Celle-ci résonne comme un coup de tonnerre, lorsqu’elle est publiée en 1891, puisqu’elle traite d’un thème particulièrement brûlant pour l’époque : la question ouvrière. Léon XIII y décrit un monde remodelé par des "progrès remarquables dans les arts et de nouvelles méthodes industrielles", caractérisé par une concentration des richesses, une pauvreté généralisée et des monopoles. Il y énonce des principes pour concilier le conflit entre capital et travail : le droit de propriété comme principe naturel, un salaire juste, le repos les jours fériés, la protection des plus vulnérables etc. Ce conflit résonne d’une autre manière, plus d’un siècle après.

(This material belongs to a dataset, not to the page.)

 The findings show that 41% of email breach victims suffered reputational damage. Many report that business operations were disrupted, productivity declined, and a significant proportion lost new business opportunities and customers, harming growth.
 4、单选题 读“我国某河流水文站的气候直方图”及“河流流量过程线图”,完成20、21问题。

Aujourd’hui s’opposent la force humaine et celle de la machine, au cœur même du travail. Une question dont se saisit régulièrement le pape depuis le début de son pontificat. 

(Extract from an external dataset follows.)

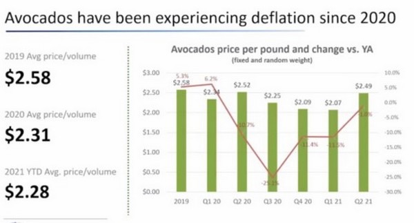 And, volume sales of avocados are up. “We sold one percent more lbs. of avocados in the first half of this year than we in the first half of 2020. But because of a price decline, we are down in dollar growth,” said Roerink. In 2019, the average price per volume was $2.58. In 2020, that dropped to $2.31 and this year, for the first six months, it was an average of $2.28. “Prices are coming back up a little bit but we’re still dealing with lower prices today than in the last couple of years.”

"Une certaine perte [...] du sens de l’humain"

Lors de la deuxième Conférence sur l’intelligence artificielle (IA), l’éthique et la gouvernance d’entreprise,  le 20 juin 2025, Léon XIV avait publié un message à l’endroit des leaders du secteur, décideurs politiques et chercheurs internationaux. Il s’y était notamment inquiété des conséquences de l’intelligence artificielle sur le développement neurologique des jeunes. Reconnaissant le "potentiel extraordinaire" d’un "produit exceptionnel du génie humain", il avait aussi exprimé sa préoccupation au sujet des conséquences de l’IA sur le "développement intellectuel et neurologique" des enfants et des jeunes. "Notre jeunesse doit être aidée et non pas entravée dans son cheminement vers la maturité et la véritable responsabilité", avait-il insisté. 

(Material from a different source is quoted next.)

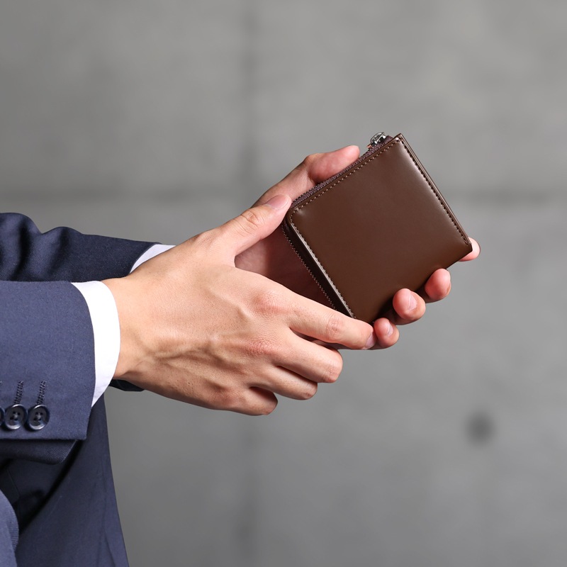 お財布は一般的な長財布の半分のサイズであり、小さな鞄にも入れられるので、場所を取らずに便利に持ち運びが可能です。

 "[Il faut] préserver la dignité inviolable de chaque être humain."

Plus globalement, Léon XIV se fait l’écho, depuis le début de son pontificat, de son prédécesseur le pape François, pour diagnostiquer "une certaine perte [...] du sens de l’humain" dans les sociétés. Soulignant que l’IA est "avant tout un outil", il s’inquiète de "son utilisation abusive à des fins égoïstes, au détriment d’autrui, voire pire, pour attiser les conflits et l’agression". Léon XIV engage à "reconnaître et respecter ce qui est proprement humain". Le critère éthique supérieur, selon le Pape, doit être de "préserver la dignité inviolable de chaque être humain et respecter les richesses culturelles et spirituelles ainsi que la diversité des peuples du monde".

Il est ainsi plausible, dans cette première encyclique, que le Pape souligne la primauté de la conscience et de la responsabilité personnelle : face à des systèmes opaques, le chrétien est appelé à pratiquer la vérité, la transparence, la justice sociale et à rejeter toute instrumentalisation de l'humain.